6.5      Liability of the Company. Except as otherwise provided in the Act, the debts, obligations and liabilities of the Company, whether arising in contract, tort or otherwise, shall be solely the debts, obligations and liabilities of the Company and no Member shall be obligated personally for any such debt, obligation or liability of the Company solely by reason of being a Member.

ARTICLE 7

OFFICERS AND AGENTS; SIGNATORY AUTHORITIES

7.1      Officers. The Members may, from time to time, elect or appoint a president, one or more vice presidents, a secretary, a treasurer, and other officers and agents as the Members deem necessary or advisable. Any two or more such offices may be held by the same person.

7.2      Rights; Obligations; Authority. Election or appointment of a Person as an officer or agent of the Company shall not itself create contract rights in such Person. All delegations of authority to officers of the Company under this Article 7 shall be nonexclusive, and the Members shall retain all powers and duties vested in them under Article 5 hereof and the Act. The Company may indemnify or advance expenses to any officer or agent elected or appointed by the Members in accordance with or pursuant to any other law, provision of the Certificate, other agreement, or vote or Consent of the Members.

7.3      Removal. Any officer or agent elected or appointed by the Members may be removed by the Members whenever in the judgment of the Members the best interests of the Company would be served thereby, but such removal shall be without prejudice to the contract rights, if any, of the Person so removed.

7.4      Execution of Contracts. The Members may authorize any officer or agent to enter into any contract or execute and deliver any instrument in the name of and on behalf of the Company, and such authority may be general or confined to specific instances.

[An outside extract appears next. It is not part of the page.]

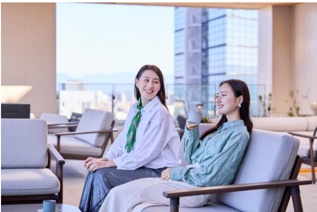
クラブラウンジに併設されたテラスで風を感じながら過ごせる

7.5      President. If appointed, the President may, subject to the direction and control of the Members, in general supervise and control the operations of the Company and shall preside at all meetings of the Members. The President shall all the powers of and be subject to all the restrictions as determined by the Members. The President may sign any deeds, mortgages, bonds, contracts or other instruments on behalf of the Company, except in cases where the execution thereof shall be expressly delegated by the Members or by this Agreement to some other officer or agent of the Company or shall be required by law to be otherwise executed. In general, the President shall perform all duties incident to the office of President and chief administrative officer of the Company and such other duties as may be prescribed from time to time by the Members.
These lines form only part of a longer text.